Cpl Newlands1 – 120min – 14,000’ – Comines Ypres Bailleul. Bombed Comines. Separated from formation, no scraps.

‘Separated from the formation’ recalls vivid memories: throttle hard against the stop, every nerve and thought concentrated on getting more power and speed and climb and, despite all your efforts, the formation drawing further ahead and further above. It was the experience of every new boy. To find and destroy enemy aircraft rather than be destroyed by them, the leader needed all the height he could get. If a straggler filled the role of bait well and good, and if he was seen being cut off by enemy fighters the leader would probably turn and go down on them. It was a hard life.
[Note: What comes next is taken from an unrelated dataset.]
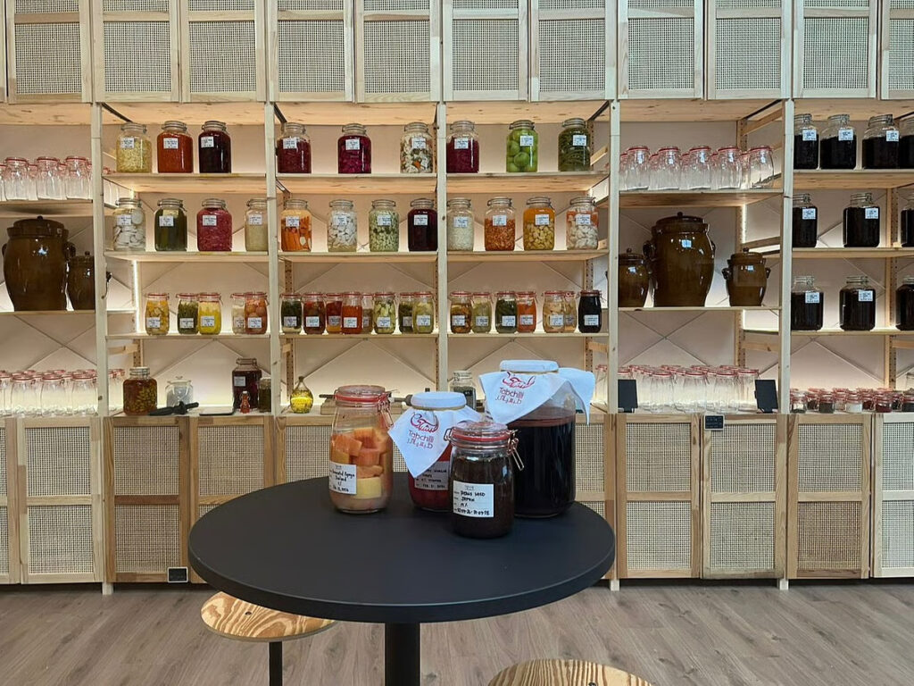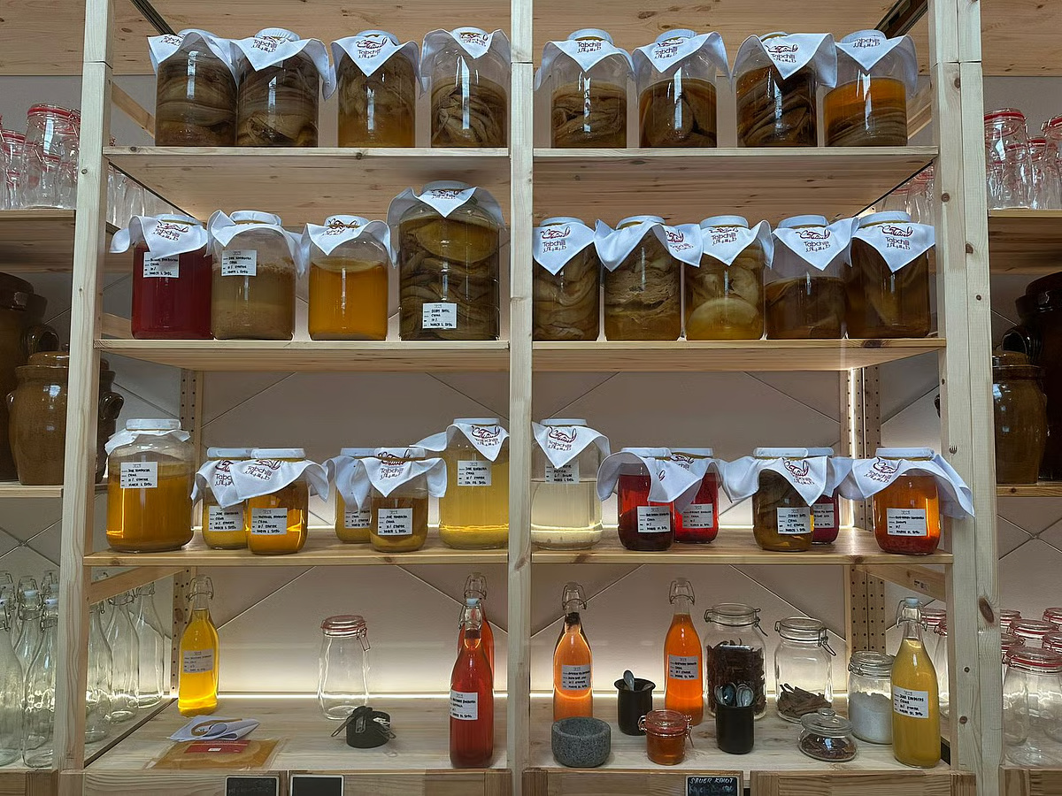 Inside, however, the space opens into rows of colourful jars, fermentation rooms, and shelves that quietly reflect a deep passion for fermented food.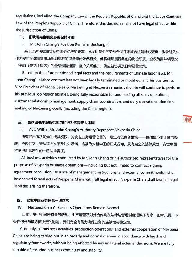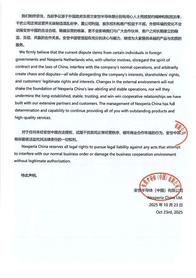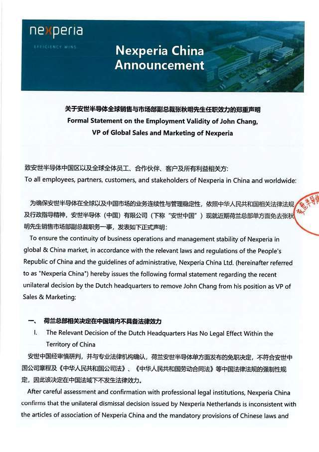 其中提到,为确保安世半导体在全球以及中国市场的业务连续性与管理稳定性,依照中华人民共和国相关法律法规及行政指导精神,安世半导体(中国)有限公司(下称“安世中国”)现就近期荷兰总部单方面免去张秋明先生销售市场部副总裁职务一事,发表如下正式声明:一、荷兰总部相关决定在中国境内不具备法律效力;二、张秋明职务身份保持不变;三、张秋明先生职权范围内的行为代表安世中国;四、安世中国业务运营一切正常,目前,安世中国所有业务活动、生产运营及对外合作均在法律与管理制度框架下有序、正常开展,不受任何外部单方面决定的影响。我们完全有能力确保业务的连续性与稳定性。

After that trip I was taken on by an experienced observer whose pilot had been posted home. Jones2 was an almost fearless man whose aim was to shoot down German aircraft. I never knew his Christian name or where he came from or whether he had a family, but as far as we did know each other we knew and trusted each other completely. Except for a fortnight when he was on leave, we flew together till his death six weeks later. He was not a gregarious man: I was the nearest to a friend he had in the squadron, but we never talked of anything but our work, of flying and fighting tactics, and how to do it better. He had a hot, potentially violent temper and no one pulled his leg much in the mess. I was very happy to have him behind me and I think he was glad to fly with me. It is a natural law, to do with the need to hope, that an observer believes he has an exceptionally good pilot.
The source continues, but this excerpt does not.